2006-10-08 Full Text Index for Oddmuse

I’m wondering whether I should attempt to write full-text index for Oddmuse. Something lean and mean. Sure, it’s reinventing the wheel, and there’s Lucene and other tools, and the current Search::FreeText is not too bad (although I’m overriding lots of stuff, so technically its dependencies are wasted CPU cycles and RAM). Maybe just gut Search::FreeText? Or roll my own? BM25 doesn’t look too difficult to reimplement, if I look at the Search::FreeText source. And put everthing in a Berkley DB file. GNU dbm looks perfect if all I have is one or two indexes: It implements a filesystem-based hash table.

Lucene

BM25

Assume two documents: Document called “Calvin’s Favorite” with content “Weirdoes from another planet” and a document called “Hobbe’s Favorite” with content “Humans from planet Earth”.
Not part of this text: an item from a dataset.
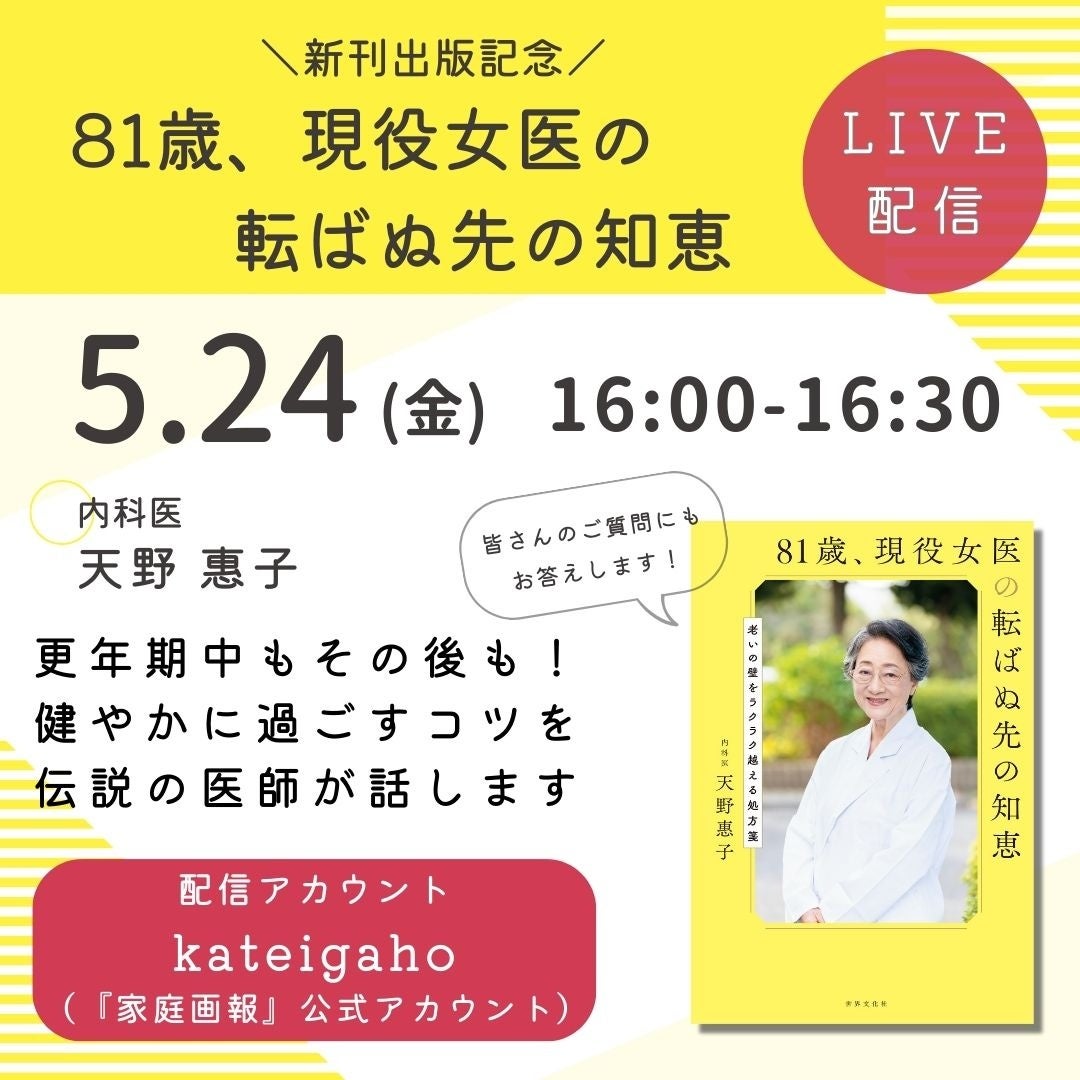 伝説の医師・天野惠子さんによる『81歳、現役女医の転ばぬ先の知恵』出版記念インスタライブを、5月24日(金)配信決定‼
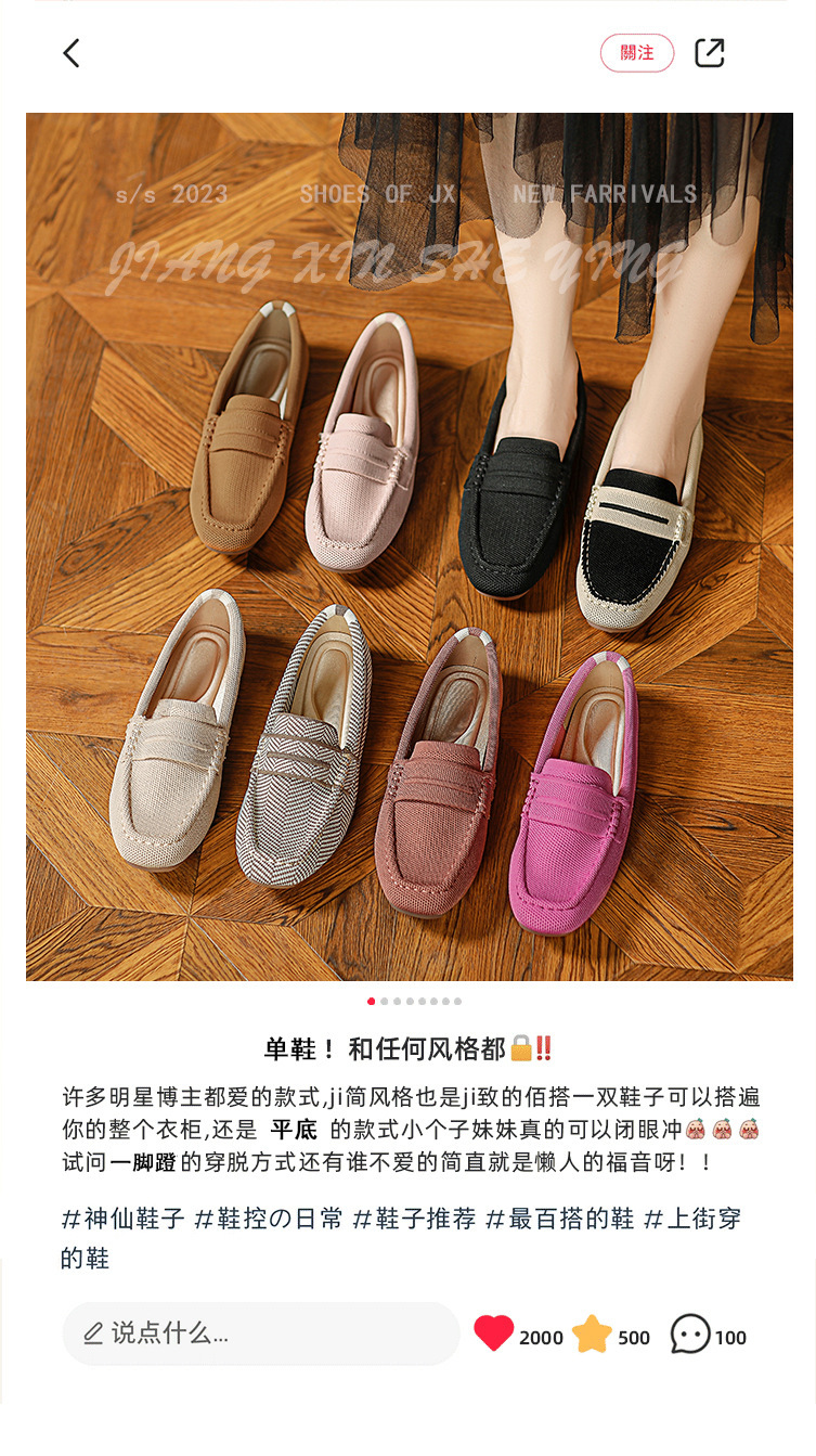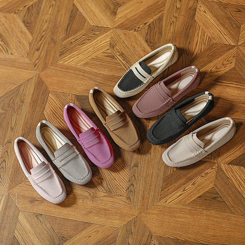 Doudou 신발 여성 2023 여름 신작 로퍼 라운드 투 플라이 니트 게으른 슬립 온 소프트 솔 플랫 슈즈스토어 가기

First, we assign numbers to documents:

Calvin’s Favorite → 1, Hobbe’s Favorite → 2

Then we tokenize the downcased titles and pages (we want to index titles, too) without using stop words (multilingual stop words?) and create the necessary pointers:

calvin → 1, s→ 1, favorite → 1 & 2, weirdoes → 1, from → 1 & 2, another → 1, planet → 1 & 2, hobbes → 2, humans → 2, earth → 2

Then all I would need is a good implementation of set operations to implement unions (”or”) and intersections (”and”) on the lists returned:

Looking for calvin and earth: 1 ∩ 2 = ∅ Looking for calvin or earth: 1 ∪ 2 = (1, 2) Looking for hoobes and earth: 2 ∩ 2 = (2)

Maybe I could optimize later and use bitvectors... I wonder where I would read up on this kind of thing...

Anyway, it doesn’t look impossible. I just wonder whether this is going to be time well spent. I could spend time thinking about incremental updates of the database, and so on. Or just use a small database. Gah! 😄

There’s a Perl glue library to the C implementation of Lucene. There’s a problem, however: “Currently only ISO 8859-1 (Latin-1) characters are supported. Obviously this included all ASCII characters.” ¹

Hm. I wonder what that means, since Oddmuse continues to be encoding agnostic (it’s all bytes as far as I am concerned). Perhaps it’s not a problem after all.

I also found Plucene, a “Perl port of the Lucene search engine”.

Plucene

I’ve also skimmed to introductory articles for Lucene from ONJava linked to from one of the other pages:

Introduction to Text Indexing with Apache Jakarta Lucene

Advanced Text Indexing with Lucene

Lucene seems like overkill!

And how to index {CJK Chinese, Japanese, Korean} languages remains an unsolved riddle. I need to talk to a Chinese Oddmuse user!

#Oddmuse

Comments

(Please contact me if you want to remove your comment.)

⁂

My understaning is that the largest full-text databases in the world don’t use RDMSs or SQL. So apparently, if you want to scale up, the best choice is to avoid these technologies.

– AaronHawley 2006-10-08 19:35 UTC

AaronHawley

---

I’m relieved to heard that. 😄

– Alex Schroeder 2006-10-08 19:38 UTC

Alex Schroeder